══ INPUT DATA ══

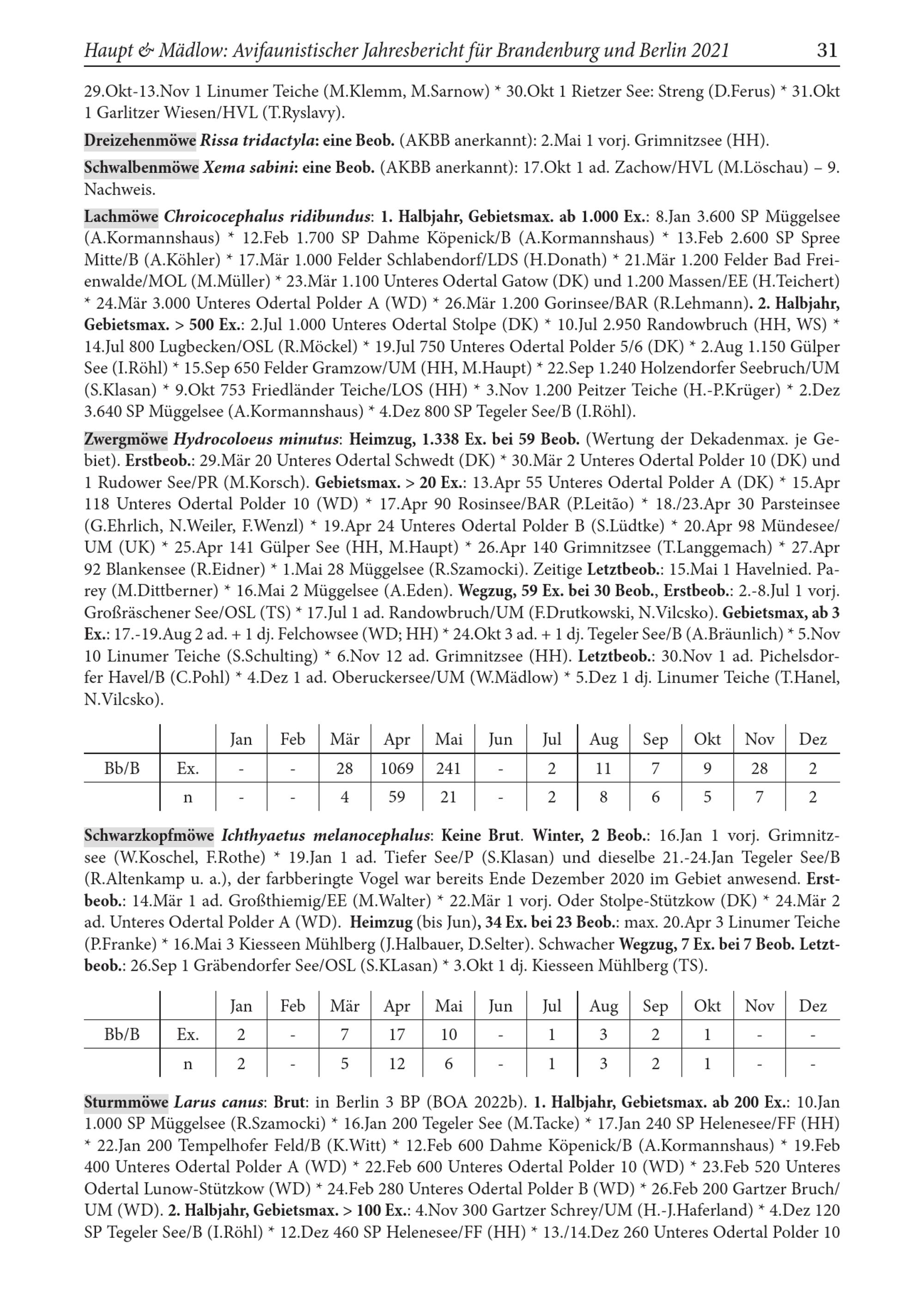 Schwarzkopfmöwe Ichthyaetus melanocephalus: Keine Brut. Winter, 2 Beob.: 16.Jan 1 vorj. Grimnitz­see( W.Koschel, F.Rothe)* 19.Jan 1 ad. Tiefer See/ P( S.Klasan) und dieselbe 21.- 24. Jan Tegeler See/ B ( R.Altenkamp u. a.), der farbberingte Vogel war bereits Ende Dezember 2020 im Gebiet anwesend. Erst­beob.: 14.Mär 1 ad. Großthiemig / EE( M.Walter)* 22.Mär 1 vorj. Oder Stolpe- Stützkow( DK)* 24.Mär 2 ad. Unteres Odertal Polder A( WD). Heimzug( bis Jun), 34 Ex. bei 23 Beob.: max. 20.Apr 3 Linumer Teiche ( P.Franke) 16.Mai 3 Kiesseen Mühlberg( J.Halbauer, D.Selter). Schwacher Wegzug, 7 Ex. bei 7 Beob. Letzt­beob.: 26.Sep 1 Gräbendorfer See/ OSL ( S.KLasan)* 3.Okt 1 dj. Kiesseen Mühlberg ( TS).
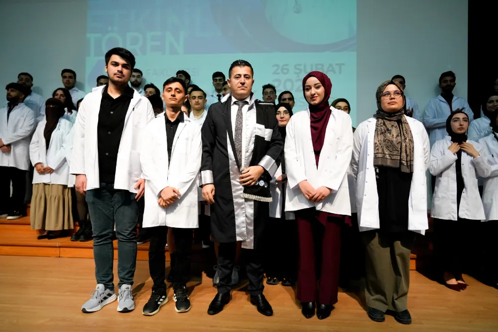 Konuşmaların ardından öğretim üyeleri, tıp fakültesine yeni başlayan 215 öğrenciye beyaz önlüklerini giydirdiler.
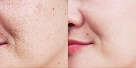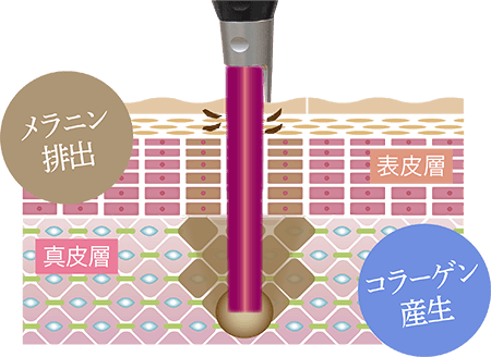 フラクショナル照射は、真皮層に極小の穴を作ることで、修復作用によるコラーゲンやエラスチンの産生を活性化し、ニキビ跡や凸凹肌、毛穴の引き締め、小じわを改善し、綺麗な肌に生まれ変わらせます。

═══

EXERCISE PROMPT:
All of the data above should be quoted exactly, except for the pictures.

WRITTEN ANSWER:
 Schwarzkopfmöwe Ichthyaetus melanocephalus: Keine Brut. Winter, 2 Beob.: 16.Jan 1 vorj. Grimnitz­see( W.Koschel, F.Rothe)* 19.Jan 1 ad. Tiefer See/ P( S.Klasan) und dieselbe 21.- 24. Jan Tegeler See/ B ( R.Altenkamp u. a.), der farbberingte Vogel war bereits Ende Dezember 2020 im Gebiet anwesend. Erst­beob.: 14.Mär 1 ad. Großthiemig / EE( M.Walter)* 22.Mär 1 vorj. Oder Stolpe- Stützkow( DK)* 24.Mär 2 ad. Unteres Odertal Polder A( WD). Heimzug( bis Jun), 34 Ex. bei 23 Beob.: max. 20.Apr 3 Linumer Teiche ( P.Franke) 16.Mai 3 Kiesseen Mühlberg( J.Halbauer, D.Selter). Schwacher Wegzug, 7 Ex. bei 7 Beob. Letzt­beob.: 26.Sep 1 Gräbendorfer See/ OSL ( S.KLasan)* 3.Okt 1 dj. Kiesseen Mühlberg ( TS).
 Konuşmaların ardından öğretim üyeleri, tıp fakültesine yeni başlayan 215 öğrenciye beyaz önlüklerini giydirdiler.
 フラクショナル照射は、真皮層に極小の穴を作ることで、修復作用によるコラーゲンやエラスチンの産生を活性化し、ニキビ跡や凸凹肌、毛穴の引き締め、小じわを改善し、綺麗な肌に生まれ変わらせます。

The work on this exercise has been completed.